ICT Innovations is actively developing real-time voice translation as an upcoming feature for its communications products. This capability is in active development and hasn’t been released yet – but when it ships, it will let agents and customers speak different languages on the same call, opening contact centre operations to multilingual markets without requiring multilingual agents. That’s a meaningful operational change for any organisation serving international customers. The broader industry is already moving in this direction: Google Meet, Microsoft Teams, and Zoom all have early real-time translation features in production, which demonstrates the technology is viable at scale. The challenge for specialist communications platforms is integrating these capabilities at the media-server layer with acceptable latency for live telephony – which is harder than the consumer conferencing implementations, but also where ICT Innovations’ deep FreeSWITCH expertise is directly relevant.

Frequently Asked Questions

How low does latency need to be for real-time voice translation to feel natural?

Human conversations have natural gaps of roughly 150-300ms. A voice translation pipeline needs to add less than 500ms of end-to-end latency to remain conversational. Current state-of-the-art systems achieve this with streaming ASR, optimised MT inference, and low-latency TTS – but it requires careful engineering at each stage and usually means accepting slightly lower translation quality than non-real-time systems that can wait for full sentences.

What languages does modern voice translation support?

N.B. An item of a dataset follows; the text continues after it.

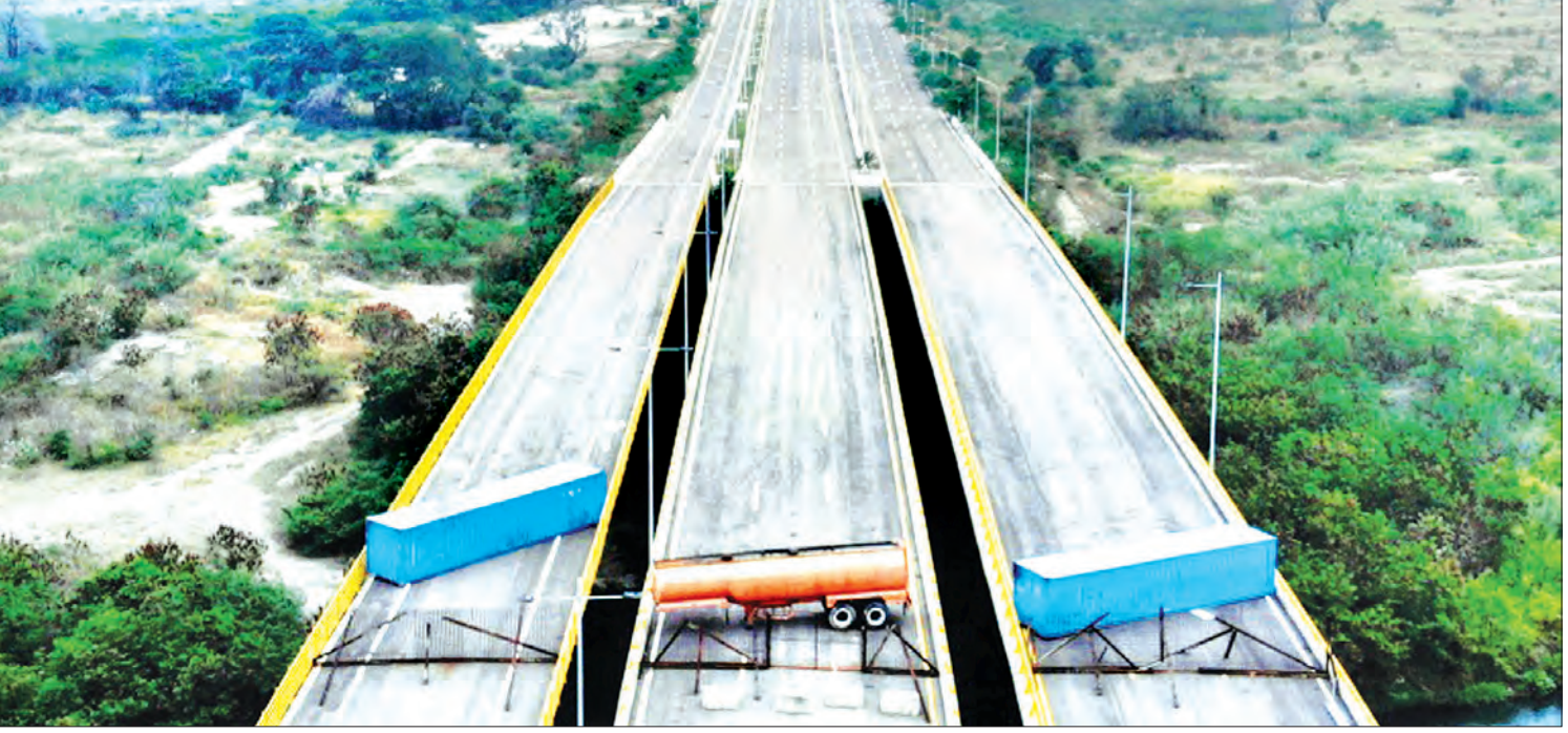
ကိုလံဘီယာနှင့် ပင်နီစွဲလားနယ်စပ်တံတားပေါ်တွင် လူသားချင်းစာနာထောက်ထားမှုအကူအညီများ ဝင်ရောက်မလာစေရန် ပိတ်ဆို့ထားမှုကို တွေ့ရစဉ်။

ပင်နီစွဲလားမှာ စစ်ဘက်အာဏာပိုင်တွေက လူသားချင်းစာနာထောက်ထားမှု အကူအညီအထောက်အပံ့တွေ ဝင်ရောက်လာမယ့် အဓိကနေရာဖြစ်တဲ့ နယ်စပ်တံတားကို ပိတ်ဆို့လိုက်တာကြောင့် အမေရိကန်ဘက်က ဒေါသတကြီး တောင်းဆိုမှုတွေ ဖြစ်လာရပါတယ်။ ဒီလိုဖြစ်ပြီး ဗုဒ္ဓဟူးနေ့မှာ အတိုက်အခံခေါင်းဆောင် ဂျူအန်ဂျီကီဒိုက ဒီလုပ်ရပ်မှာ တပ်မတော်အနေနဲ့ တာဝန်ရှိကြောင်း သတိပေးခဲ့ပါတယ်။

Commercial ASR and MT systems cover 100+ languages. Whisper Large V3 supports 99 languages for transcription. Meta’s NLLB-200 covers 200 language pairs for translation. Quality varies significantly: high-resource languages (English, Spanish, Mandarin, French, German) have excellent accuracy across all three pipeline stages, while low-resource languages typically have higher error rates. Voice cloning quality also drops for languages less well-represented in training data.

What is the difference between real-time voice translation and post-call transcription and translation?

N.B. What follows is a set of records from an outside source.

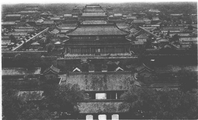
晚清时的北京城，见证了一个王朝的衰败

借助天公的雷霆之气，冲破这层笼罩着中国的鸦片烟雾，让人存有些许安慰和希望。近代中国的序幕，从林则徐这个福建教师的儿子走出京城后，就正式拉开了。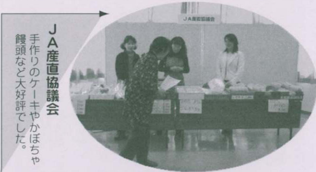
JA産直協議会 手作りのケーキやかぼちゃ 饅頭など大好評でした。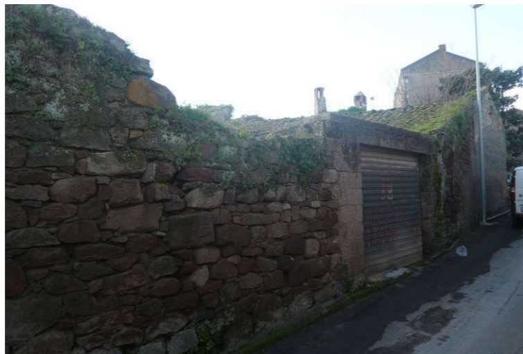
FOTO SU VIA SATTA E SU VIA DEI GIUDICATI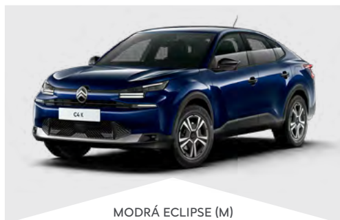
MODRÁ ECLIPSE (M)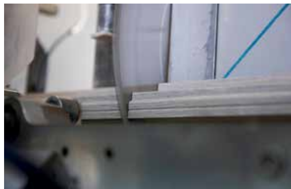
Taglio della barra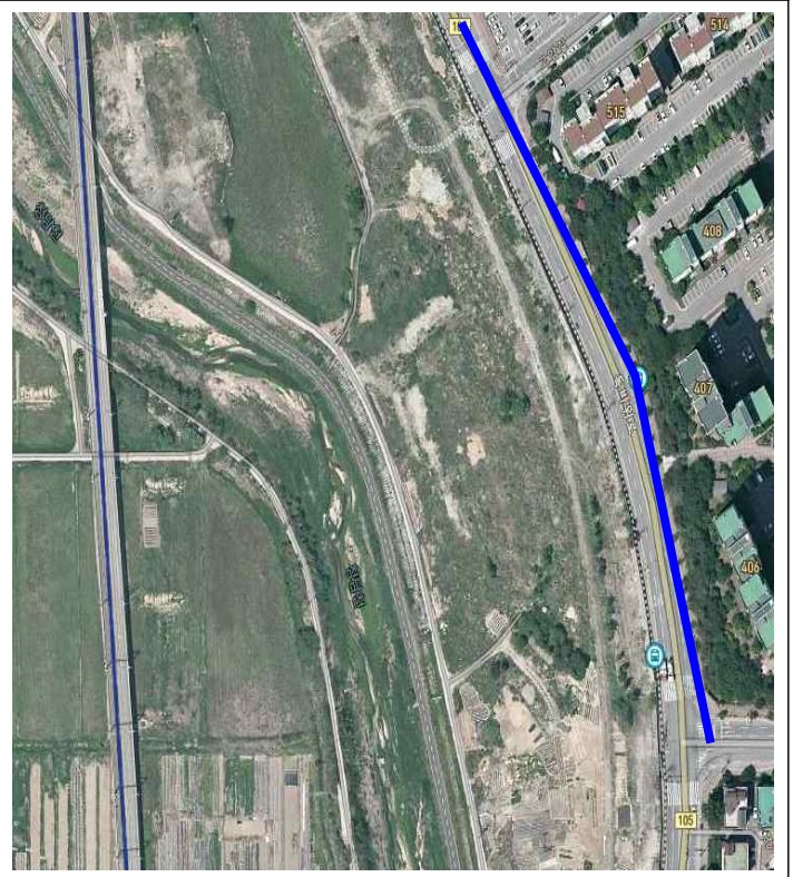
※ 읍보아파트 및 청담천과 제방도로 및 도로(회천1동), 하천건너편 주공아파트5단지 라인(회천3동)

Post-call transcription processes a complete recording after a call ends, producing high-accuracy results because the full audio context is available with no latency constraint. Real-time translation must produce results within milliseconds using partial context, so accuracy is lower. The two serve different use cases: post-call for compliance, analytics, and coaching; real-time for live conversations between people speaking different languages.

Is ICT Innovations planning to add voice translation to its products?

Yes. ICT Innovations is currently developing real-time voice translation as an upcoming feature for its communications products, including its contact centre and broadcast platforms. The capability is in active development and has not yet been released. When it ships, it will allow agents and customers to communicate in different languages on live calls without a human interpreter. Updates will be announced on the ICT Innovations blog as development progresses.